25th Ryder Cup Matches
- Dates: October 14–16, 1983
- Venue: PGA National Golf Club
- Location: Palm Beach Gardens, Florida
- Captains: Jack Nicklaus (USA); Tony Jacklin (Europe);
| United States | 141⁄2 | 131⁄2 | Europe |
- United States wins the Ryder Cup

Location map
- Location within Florida

= 1983 Ryder Cup =

Men's golf competition in Palm Beach Gardens, Florida

The 25th Ryder Cup Matches were held October 14–16, 1983 at the PGA National Golf Club in Palm Beach Gardens, Florida.
The United States team won the competition by a score of 14 to 13 points, the closest Ryder Cup since the tie in 1969. In their third competition with players from the continent, Europe showed the ability to realistically challenge the Americans.
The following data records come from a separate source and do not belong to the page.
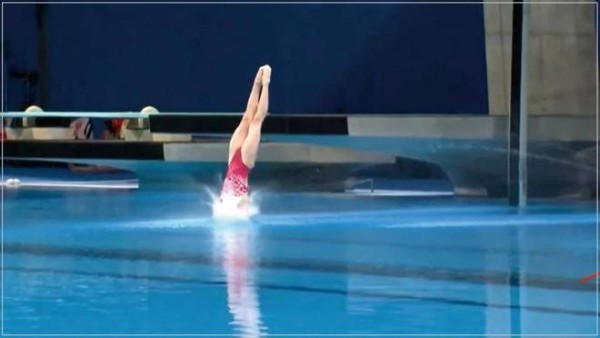 进入第二跳,全红婵的状态愈发火热。她选择了难度极高的动作,却依然游刃有余。起跳、翻转、入水,每一个动作都如行云流水般自然流畅。更令人惊叹的是,她的入水角度几乎完美,几乎没有任何瑕疵。当分数显示出来后,全场观众都为之沸腾——满分!这是全红婵在东京奥运会上的第二个满分!
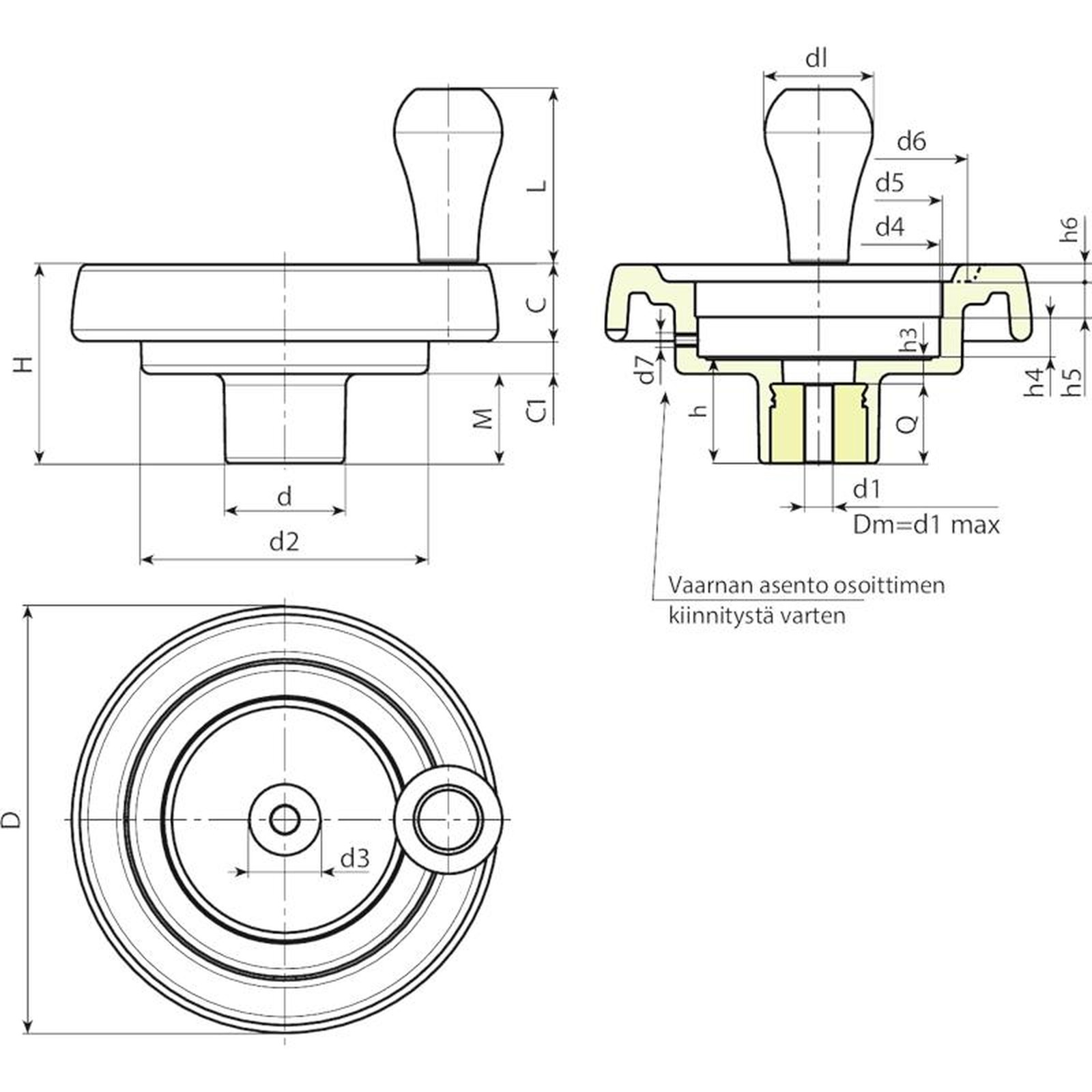 | Koodi | art. | D | H | d | d2 | M | C | C1 | d3 | d4 | d5 | d6 | d7 | h | h3 | h4 | h5 | h6 | dl | L | Dm | d1 | Q | Paino (g) |
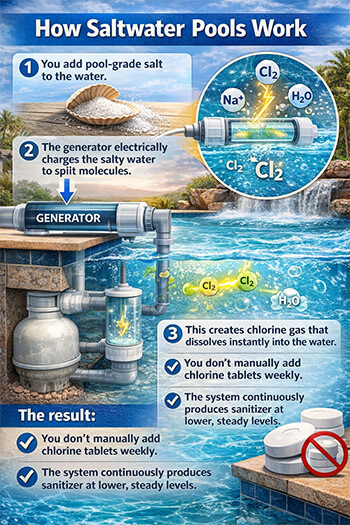 Saltwater pools use a salt chlorine generator (also called a salt system or salt cell) to convert dissolved salt into pure chlorine through electrolysis.
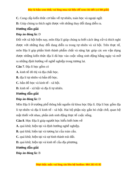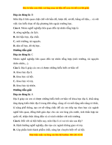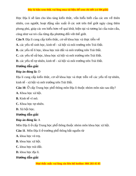 Câu 9. Địa lí cung cấp ki n t ế h c, ứ c s ơ ở khoa h c và t ọ h c ự ti n v ễ ề A. các y u t ế ố sinh h c, ki ọ nh t - ế xã h i ộ và môi trư ng t ờ rên Trái Đ t ấ . B. các y u t ế ố lí h c, khoa h ọ c ọ trái đ t ấ và môi trư ng t ờ rên Trái Đ t ấ . C. các y u t ế ố s h ử c, ọ khoa h c xã h ọ i ộ và môi trư ng t ờ rên Trái Đ t ấ . D. các y u t ế ố t nhi ự ên, kinh t - ế xã h i ộ và môi trư ng ờ trên Trái Đ t ấ . Hư ng d ớ ẫn gi i ả Đáp án đúng là: D Địa lí cung c p ấ ki n ế th c, ứ cơ sở khoa h c ọ và th c ự ti n ễ về các y u ế tố t ự nhiên, kinh t - ế xã h i ộ và môi trư ng t ờ rên Trái Đ t ấ .
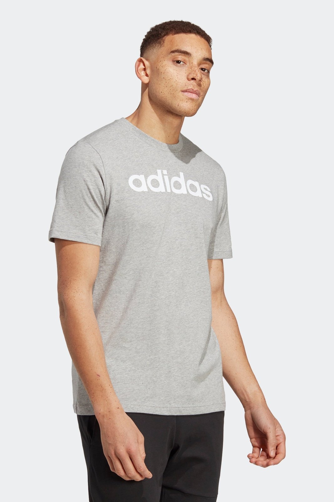 טישירט לגברים ESSENTIALS SINGLE JERSEY LINEAR EMBROIDERED בצבע אפור
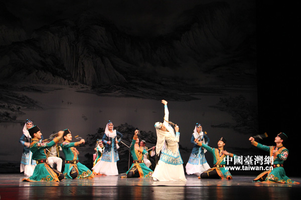 4月10日,新疆和田新玉歌舞團(tuán)在嘉義表演藝術(shù)中心表演歌舞玉田女。(中國(guó)臺(tái)灣網(wǎng) 高斯斯 攝)
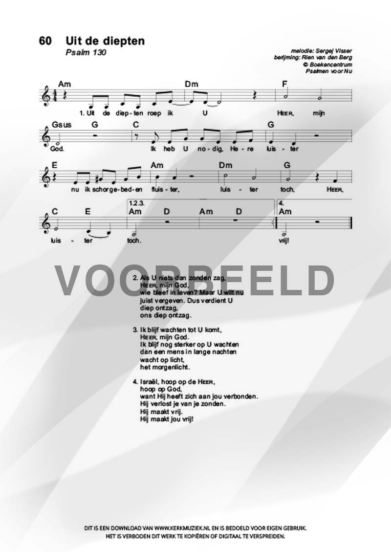 | Aanhef (eerste regel) | Uit de diepten roep ik U |
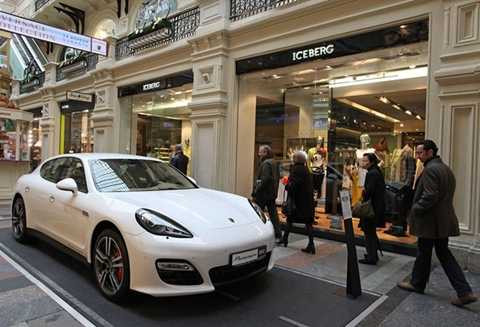 | Khách hàng ngắm nhìn chiếc Porsche Panamera trưng bày ở Moscow. |
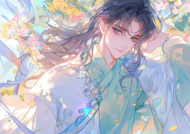 Midjourney Bot 更新时间:2025-12-13 00:25平行视角,脸微微朝向左边,脸至少有3/4可见,单人,中国古代,动漫风格的绿袍男子,男子在黑夜中,背光,古风男子,水彩风格, 角色:飘逸的长发,飘逸的头发,乌黑色长发,黑色长头发,3/7刘海,发髻,蓝色眼睛,微笑,绿/白色的古风长袍,美丽的男神,银色的挂饰装饰在衣服上,红色点缀,绿色宽大的长袍袖子,白色腰带有红色配饰,宽大的衣袖随风舞动,几层衣服外袍的下摆盖住了腿,展现出优雅的姿态。 动作:男子黑夜里,背光,手持莲花灯,男子的头发很长,所以身后的头发长到腰后 背景:元宵节夜晚的氛围。 dynamic pose, traditional chinese clothing style, action scene, anime art style, detailed expression,16k,高质量,大师级画质,pixiv,水彩,五官精致,高分辨率,16K质量,超高清,复杂细节,梦幻色彩,宽景 ,突出人物的英俊气质和剑客的洒脱风范,整体画面充满了古风侠义的氛围。high resolution 梦幻色彩,全身角色,全身, 梦幻色彩,高分辨率,超细节, 梦幻色彩, 梦幻色彩::1000 --ar 297:210 --niji 6 --sref https://images.gogpt.vip/aigf/m_origin/20250101/617471/6n25uru3wyy07was.jpg https://images.gogpt.vip/aigf/m_origin/20250104/617471/lgp61d20k2tf2ibq.jpg https://images.gogpt.vip/aigf/m_origin/20251210/617471/l6sd697hx06b4bmg.jpg https://images.gogpt.vip/aigf/m_origin/20250618/617471/2bwu8505mozwnv4o.jpg --no 短发,白色背景,白天,浅色背景,不是黑夜,侧脸,白色外套,白色外袍,
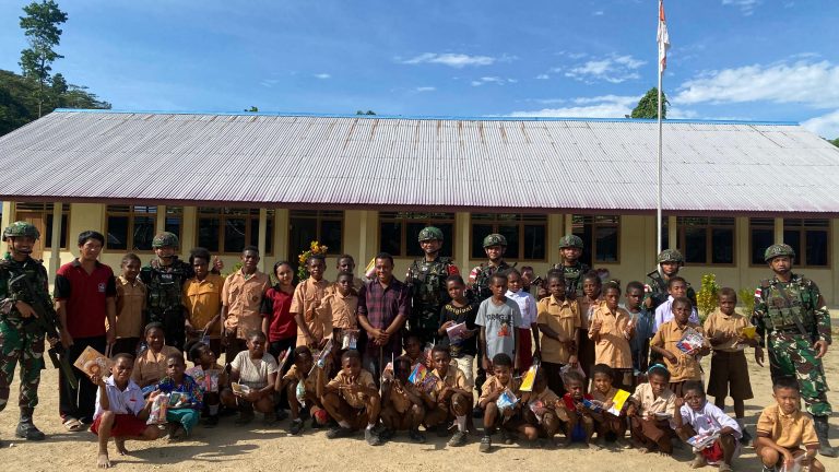Cakra101, Kaimana.- Dalam meningkatkan dan mendukung kualitas belajar anak-anak di tempat bertugas, Pos Yamor Satgas Pamtas Kewilayahan Yonif 642/Kapuas melaksanakan kegiatan pemberian sargal berupa alat tulis, buku serta pemberian snack untuk siswa siswi SD 01 Ururu di Distrik Yamor, Kabupaten Kaimana, Papua Barat. (4/11/2024).
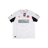 Unworn condition with original tags attached. Club crest is a heat applied embroidered patch. Club sponsor, manufacturer logo and player name/number are Polyflex, league sleeve patches are flock, all are heat applied. No pulls or bobbles. Colours and stitching in excellent condition.
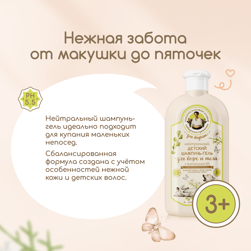 Нейтральный шампунь-гель идеально подходит для купания маленьких непосед от макушки до пяточек. Его сбалансированная формула создана с учётом особенностей нежной кожи и детских волос.
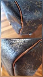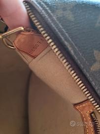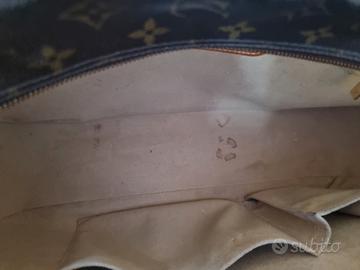 Vendo iconica borsa a spalla Louis Vuitton modello Cité MM in tela Monogram, modello Grande. Un pezzo ORIGINALE (CODICE DENTRO LA BORSA SULLA LINGUETTA, COME DA FOTO), vintage di grande fascino, ideale per chi cerca un pezzo autentico a un prezzo accessibile. Acquistata personalmente a Milano presso il negozio di Via Montenapoleone negli anni 2003/2004 circa. Materiale: Tela Monogram con finiture in vacchetta Dimensioni: Circa 37cm x 21cm x 12cm. Circa. La borsa presenta evidenti segni di usura e necessita di interventi di riparazione: Manico: Uno dei manici in vacchetta è rotto/staccato all'altezza dell'attaccatura e richiede riparazione. Cerniera: Una delle linguette (tira-lampo) in metallo dorato staccata: il meccanismo della zip è perfettamente funzionante. Interni: La fodera interna presenta macchie visibili dovute all'utilizzo negli anni. Esterno: La tela Monogram è in buone condizioni generali, ma la vacchetta dei profili è segnata e anche quella dei manici è scurita soprattutto centralmente. Come si nota dalle immagini, la parte superiore dove scorre la zip non è più perfettamente rigida ma tende a curvarsi,rientrare all'interno. Guardare bene le foto prima di acquistare e se necessitate posso inviarne di altre.
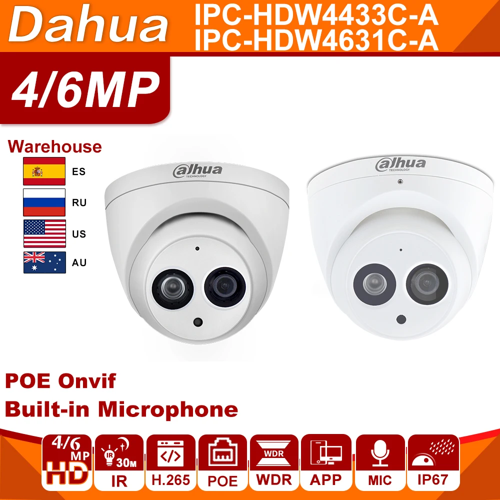 Сетевая камера Dahua IPC-HDW4433C-A, 4 МП, 6 МП, веб-камера powerby POE CCTV, встроенный микрофон IR, 30 м, 50 м, H.265

This was the first of four occasions that Tony Jacklin was the European captain and the sole occasion that his side lost.

Entering the singles matches on Sunday, the competition was even at 8 points each. Jacklin put his best players out early, while U.S. captain Jack Nicklaus saved his for last. In the first match, Seve Ballesteros was 3 up at the turn but needed an outstanding 3-wood from a fairway bunker on the final hole to salvage par and force a half with Fuzzy Zoeller. With ten matches complete and the score at 13 points each, the outcome depended on the two singles matches remaining on the course, between José María Cañizares and Lanny Wadkins and Bernard Gallacher and Tom Watson. The U.S. victory is generally accredited to Wadkins, who hit a wedge to less than three feet (0.9 m) on the par-5 18th hole to win the hole with a birdie and halve his match against Canizares. Gallacher had trailed all day, but Watson bogeyed 16 and was only 1 up with two holes to play. He had another bogey at the par-3 17th, but Gallacher's three-foot putt for bogey missed and ended the match at 2 & 1 and gave the U.S. the winning point.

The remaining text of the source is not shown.